Collected data entries
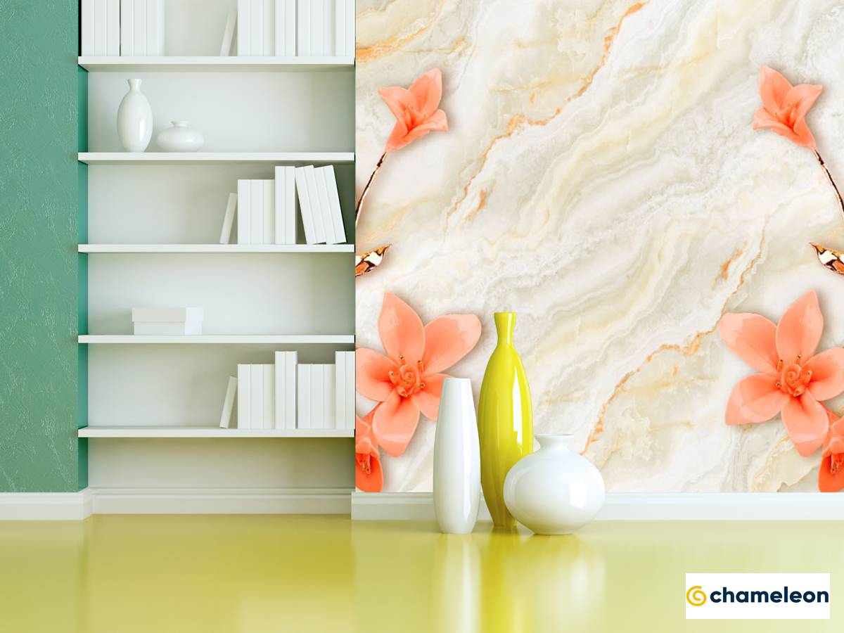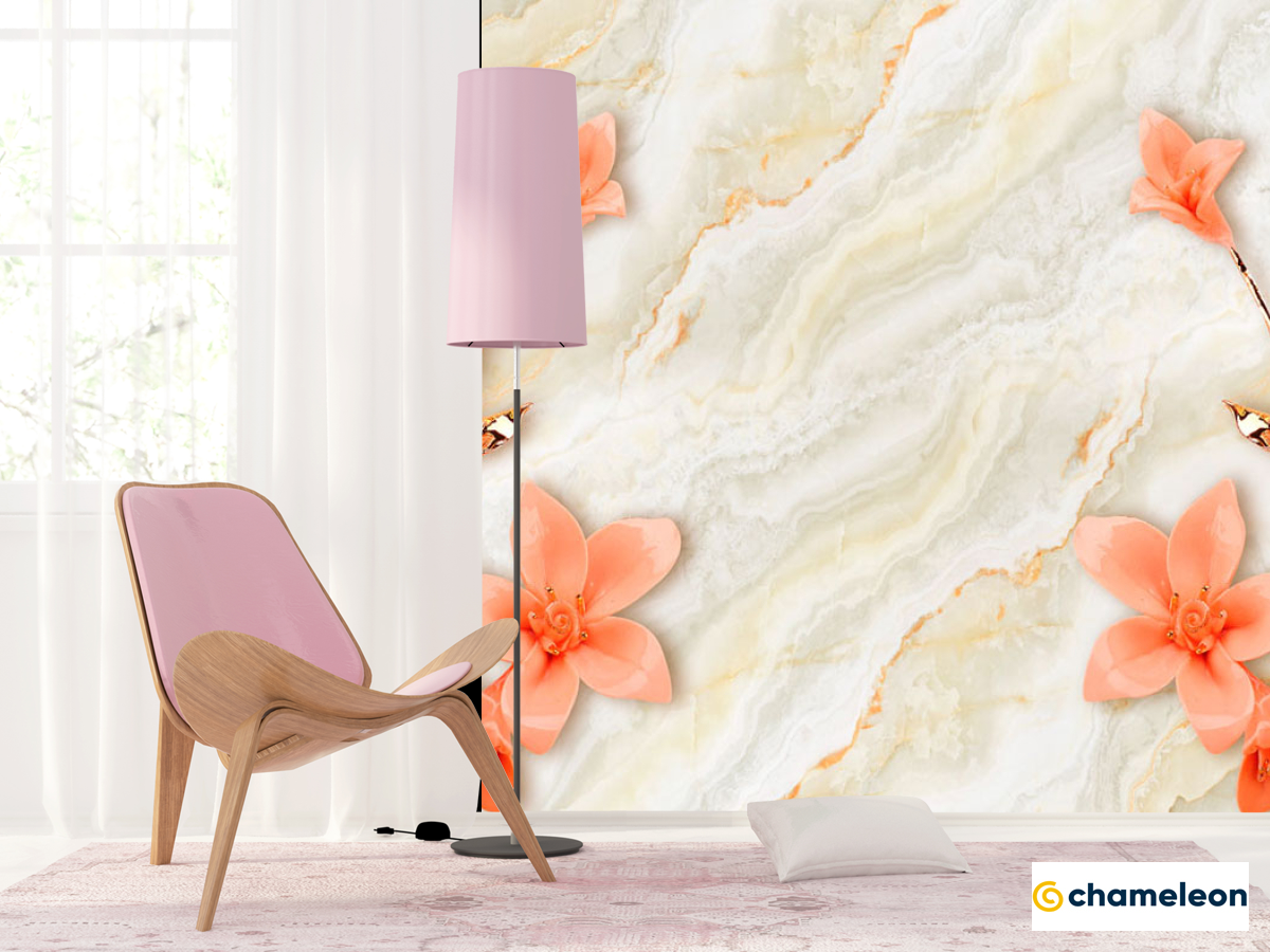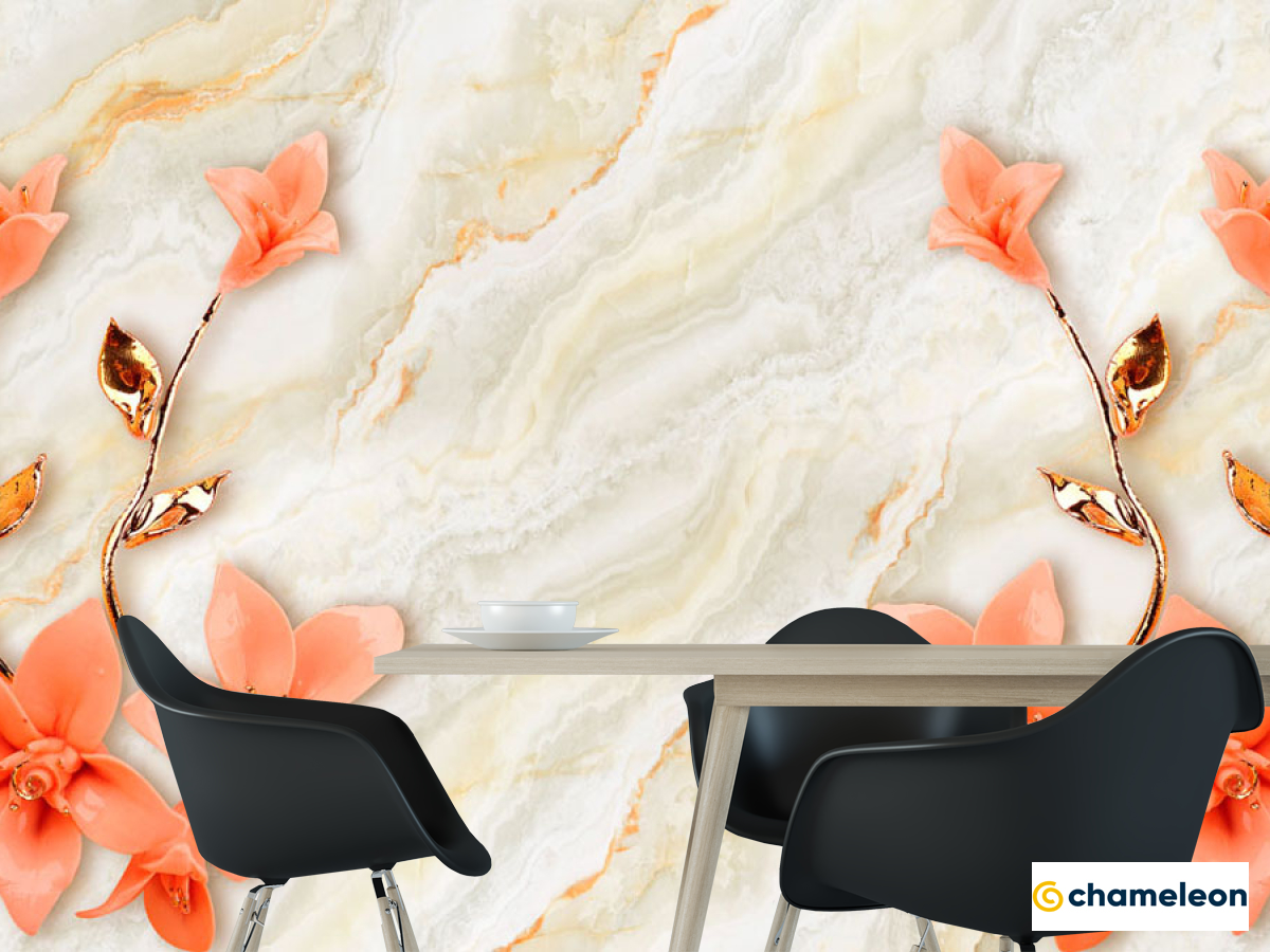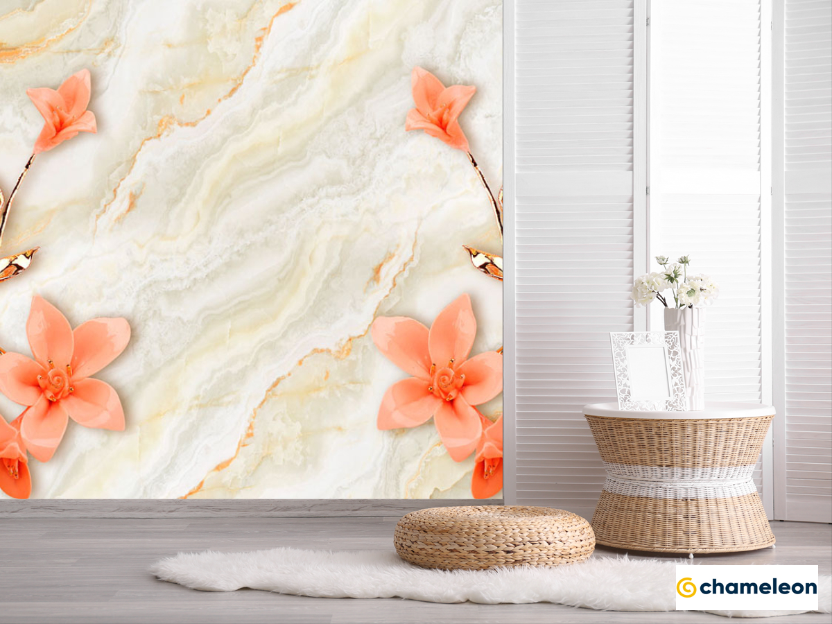 Фотошпалери «Фотошпалери Помаранчеві квіти з гілками», (арт. 20123) - купити в інтернет-магазині «Будинок Фотошпалер» Хамелеон
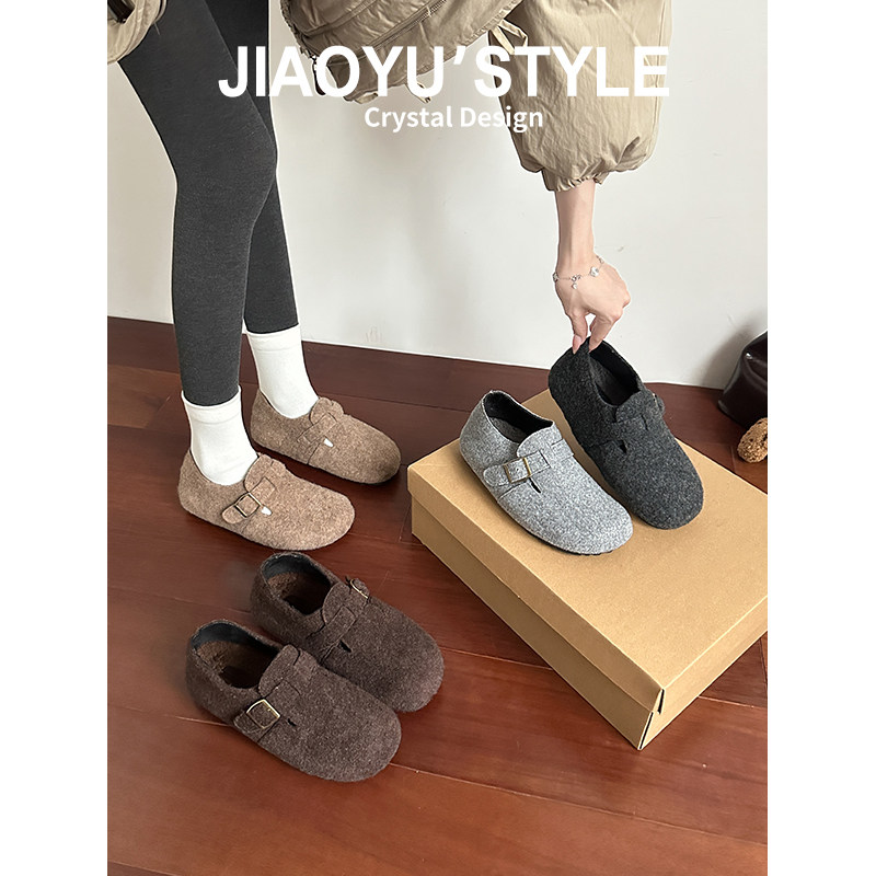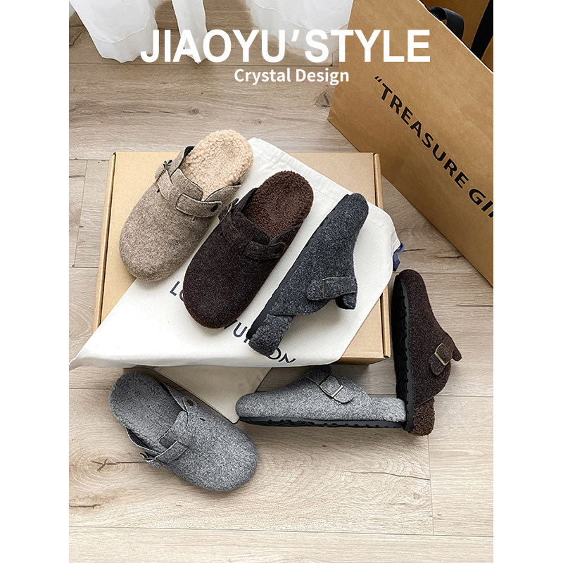 真皮~骄屿厚底勃肯鞋女秋冬新款加绒懒人包头半拖鞋保暖毛毛棉鞋
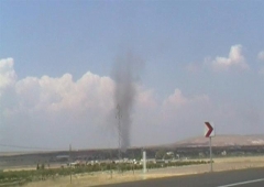 Şanlıurfa’nın Akziyaret köyünde kısa süreli dev hortum meydana geldi. Kısa süren hortum hiçbir şeye zarar vermeden son buldu.
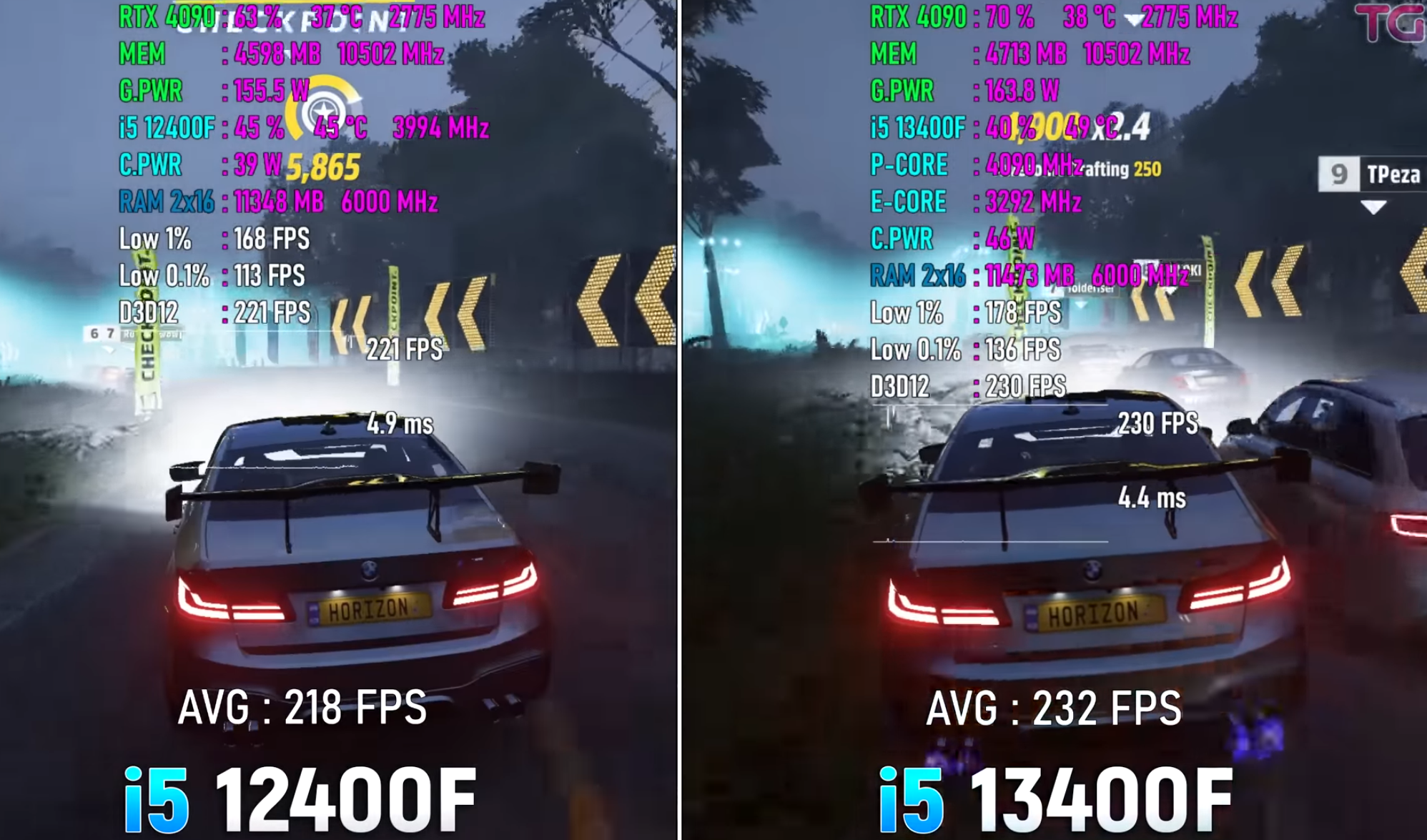 포르자 호라이즌 5 FHD 높음 기준으로 각 평균 프레임은 218, 232로 인텔 i5-13400F가 i5-12400F 비해 약 7% 우세한 게임 성능을 보여주었습니다.
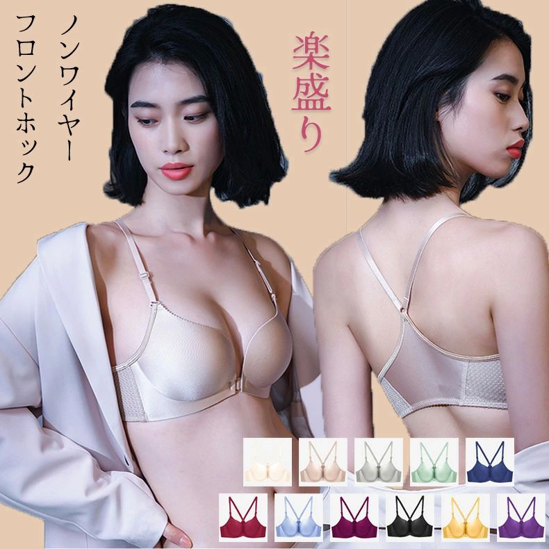 アツギ 盛れるブラ セクシー 谷間 矯正 姿勢 パット-体型 防止 ずり落ち 肩紐 ノンワイヤー フロントホック ブラジャー 前開き
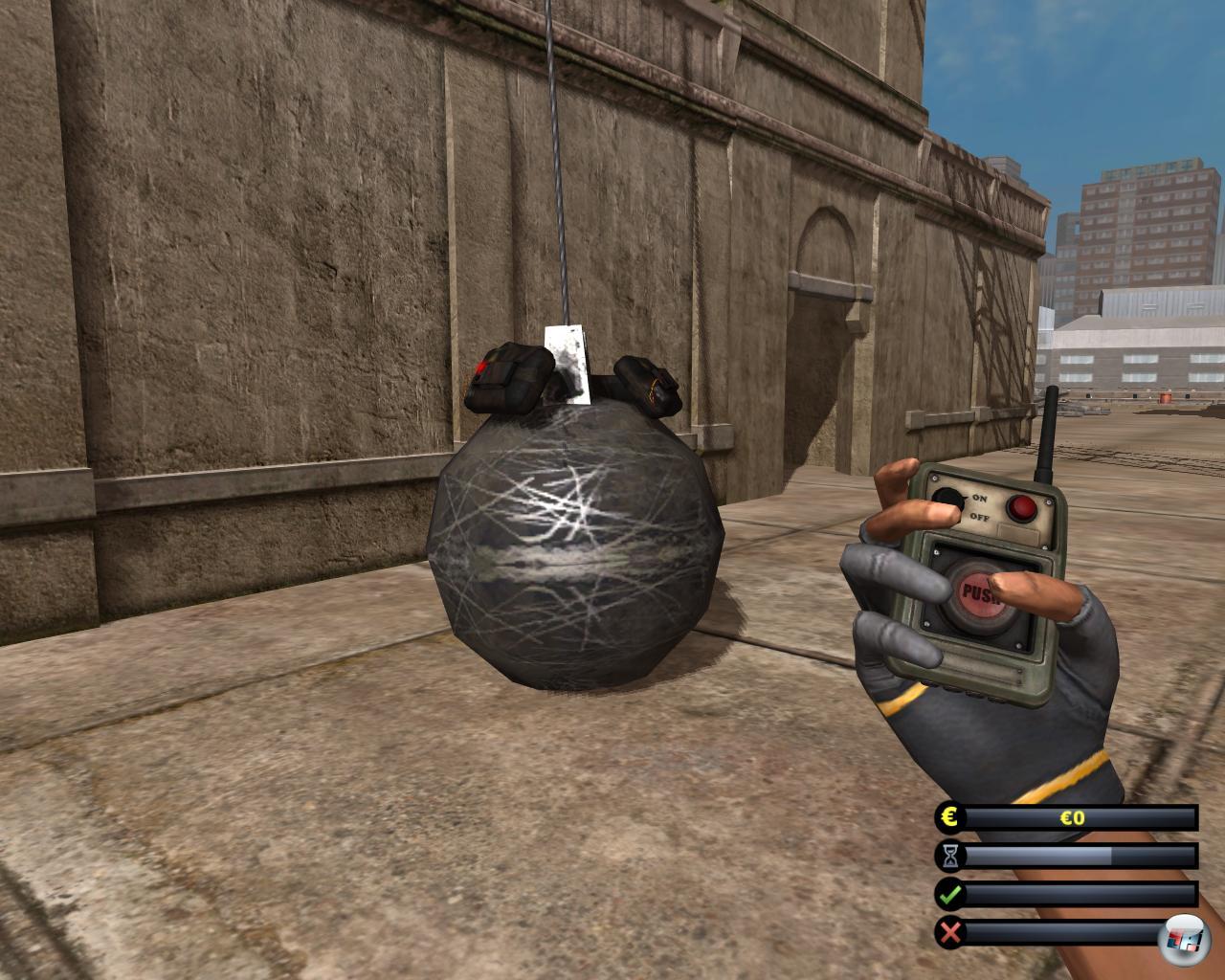 In den folgenden Aufträgen kommen nach und nach sämtliche Gerätschaften zum Einsatz, denn ich verdiene schließlich mit jedem Auftrag gutes Geld um meinen Fuhrpark zu erweitern. Insgesamt sieben Fahrzeuge, vier Handwerkzeuge und drei Arten von Sprengstoff lerne ich in den insgesamt 24 Einsätzen kennen. Das Problem ist nur: Von den 24 Aufträgen ähnelt sich etwa die Hälfte sehr. Zwar gibt es mit Bahnhof, Hafen, Industriegebiet, Innen- und Altstadt fünf verschieden Szenarien, so dass ich mal einen Schornstein einer Fabrik sprenge und dann mal einen alten Turm am Bahnhof, doch im Grunde handelt es sich ja um denselben Job. Die Folge: Langeweile…schon wieder! Wie auch beim LWS so kriecht sie auch hier unweigerlich irgendwann aus der virtuellen Baugrube über Pad/Tatstatur in den Kopf und macht sich dort breit wie ein Geschwür. Warum wieder so eine seelenlose Spielwelt ohne Menschen, Tiere und ohne ein Alter Ego dem ich zumindest mal einen Namen geben darf, was ja irgendwie identitätsstiftenden Charakter hätte? Einen zumindest angedeuteter Wirtschaftsteil mit konkurrierenden Unternehmen sollte man eigentlich auch erwarten dürfen und last but not least eine wirklich funktionierende Spielphysik. Zwar übertrifft sie jene des miserablen “ Spreng- und Abriss-Simulator“ um Längen, aber auch hier geht es mal wieder nicht ohne Aussetzer die bestenfalls zu unfreiwillig komischen Szenen führen, schlimmstenfalls zu Aufregern. Da kippt ein tonnenschwerer Radlader schonmal um, weil man eine Mulde „ungünstig“ touchiert (lustig), aber wenn dicke Betonplatten aus der Baggerschaufel hüpfen wie Flummis, nur weil man den Neigungswinkel leicht verändert um den Kipper zu treffen, dann nervt das tierisch.
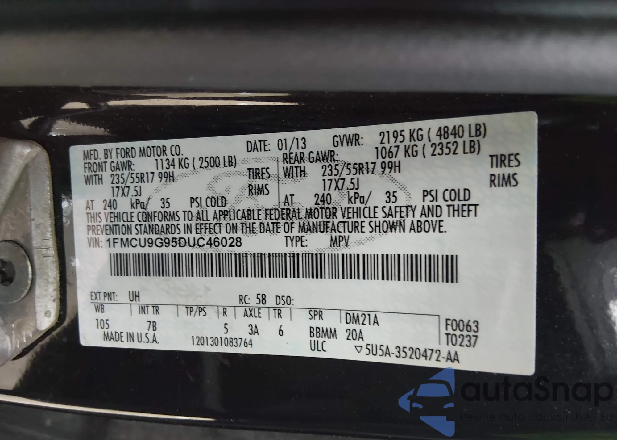 • VIN 1FMCU9G95DUC46028
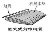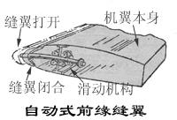 w 自動式前緣縫翼:自動式前緣縫翼用滑動機構(gòu)與機翼相連,它可以根據(jù)迎角的變化而自動開閉。在小迎角情況下,空氣動力將它壓在基本機翼上,處于閉合狀態(tài);當迎角增大到一定程度,機翼前緣的空氣動力變?yōu)槲,將前緣縫翼自動吸開。自動式前緣縫翼的優(yōu)點是顯而易見的,目前應用十分廣泛。
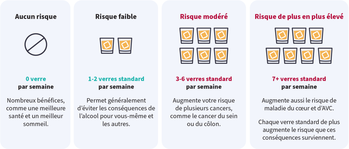 Le rapport comprend les nouvelles lignes directrices canadiennes sur la consommation d’alcool, qui recommandent de ne pas dépasser deux verres par semaine pour maintenir un risque faible ou nul de sept types de cancers, d’invalidité à court terme, de blessures, de maladie du cœur et d’AVC.
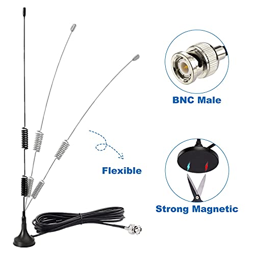 Bingfu Antenna Scanner Radio Veicolare Base Magnetica BNC Maschio 25-460Mhz 470-1200Mhz Compatibile con Uniden Bearcat Whistler Radio Shack Camion Auto Radio CB VHF UHF Walkie Talkie Scanner Polizia
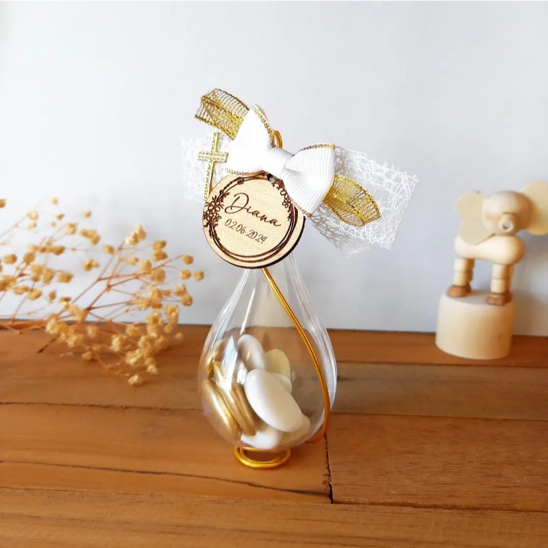 Cette boîte à dragées goutte or et blanc est parfaite pour la communion de votre enfant.

■ Task to complete: Set down the records precisely as they appear. Any picture stays out.

■ Result:
 Фотошпалери «Фотошпалери Помаранчеві квіти з гілками», (арт. 20123) - купити в інтернет-магазині «Будинок Фотошпалер» Хамелеон
 真皮~骄屿厚底勃肯鞋女秋冬新款加绒懒人包头半拖鞋保暖毛毛棉鞋
 Şanlıurfa’nın Akziyaret köyünde kısa süreli dev hortum meydana geldi. Kısa süren hortum hiçbir şeye zarar vermeden son buldu.
 포르자 호라이즌 5 FHD 높음 기준으로 각 평균 프레임은 218, 232로 인텔 i5-13400F가 i5-12400F 비해 약 7% 우세한 게임 성능을 보여주었습니다.
 アツギ 盛れるブラ セクシー 谷間 矯正 姿勢 パット-体型 防止 ずり落ち 肩紐 ノンワイヤー フロントホック ブラジャー 前開き
 In den folgenden Aufträgen kommen nach und nach sämtliche Gerätschaften zum Einsatz, denn ich verdiene schließlich mit jedem Auftrag gutes Geld um meinen Fuhrpark zu erweitern. Insgesamt sieben Fahrzeuge, vier Handwerkzeuge und drei Arten von Sprengstoff lerne ich in den insgesamt 24 Einsätzen kennen. Das Problem ist nur: Von den 24 Aufträgen ähnelt sich etwa die Hälfte sehr. Zwar gibt es mit Bahnhof, Hafen, Industriegebiet, Innen- und Altstadt fünf verschieden Szenarien, so dass ich mal einen Schornstein einer Fabrik sprenge und dann mal einen alten Turm am Bahnhof, doch im Grunde handelt es sich ja um denselben Job. Die Folge: Langeweile…schon wieder! Wie auch beim LWS so kriecht sie auch hier unweigerlich irgendwann aus der virtuellen Baugrube über Pad/Tatstatur in den Kopf und macht sich dort breit wie ein Geschwür. Warum wieder so eine seelenlose Spielwelt ohne Menschen, Tiere und ohne ein Alter Ego dem ich zumindest mal einen Namen geben darf, was ja irgendwie identitätsstiftenden Charakter hätte? Einen zumindest angedeuteter Wirtschaftsteil mit konkurrierenden Unternehmen sollte man eigentlich auch erwarten dürfen und last but not least eine wirklich funktionierende Spielphysik. Zwar übertrifft sie jene des miserablen “ Spreng- und Abriss-Simulator“ um Längen, aber auch hier geht es mal wieder nicht ohne Aussetzer die bestenfalls zu unfreiwillig komischen Szenen führen, schlimmstenfalls zu Aufregern. Da kippt ein tonnenschwerer Radlader schonmal um, weil man eine Mulde „ungünstig“ touchiert (lustig), aber wenn dicke Betonplatten aus der Baggerschaufel hüpfen wie Flummis, nur weil man den Neigungswinkel leicht verändert um den Kipper zu treffen, dann nervt das tierisch.
 • VIN 1FMCU9G95DUC46028
 w 自動式前緣縫翼:自動式前緣縫翼用滑動機構(gòu)與機翼相連,它可以根據(jù)迎角的變化而自動開閉。在小迎角情況下,空氣動力將它壓在基本機翼上,處于閉合狀態(tài);當迎角增大到一定程度,機翼前緣的空氣動力變?yōu)槲,將前緣縫翼自動吸開。自動式前緣縫翼的優(yōu)點是顯而易見的,目前應用十分廣泛。
 Le rapport comprend les nouvelles lignes directrices canadiennes sur la consommation d’alcool, qui recommandent de ne pas dépasser deux verres par semaine pour maintenir un risque faible ou nul de sept types de cancers, d’invalidité à court terme, de blessures, de maladie du cœur et d’AVC.
 Bingfu Antenna Scanner Radio Veicolare Base Magnetica BNC Maschio 25-460Mhz 470-1200Mhz Compatibile con Uniden Bearcat Whistler Radio Shack Camion Auto Radio CB VHF UHF Walkie Talkie Scanner Polizia
 Cette boîte à dragées goutte or et blanc est parfaite pour la communion de votre enfant.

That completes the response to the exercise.